(What to work on): Would you repeat the listing below verbatim and drop the images?

(Data):
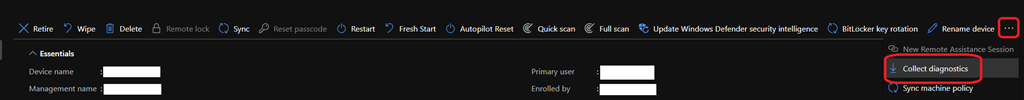 Once you have selected the device, use the Collect Diagnostics option from the action toolbar
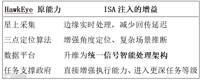 卫星能收,但没有处理链路,数据只是数据。ISA带来的是:
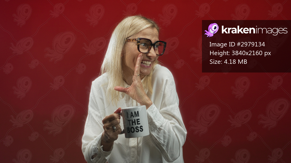 Woman, blonde wearing white blouse, holding mug that reads i am the boss, cupping hand to mouth and smiling in a studio with red backdrop; confidence.

(Solution to this exercise):
 Once you have selected the device, use the Collect Diagnostics option from the action toolbar
 卫星能收,但没有处理链路,数据只是数据。ISA带来的是:
 Woman, blonde wearing white blouse, holding mug that reads i am the boss, cupping hand to mouth and smiling in a studio with red backdrop; confidence.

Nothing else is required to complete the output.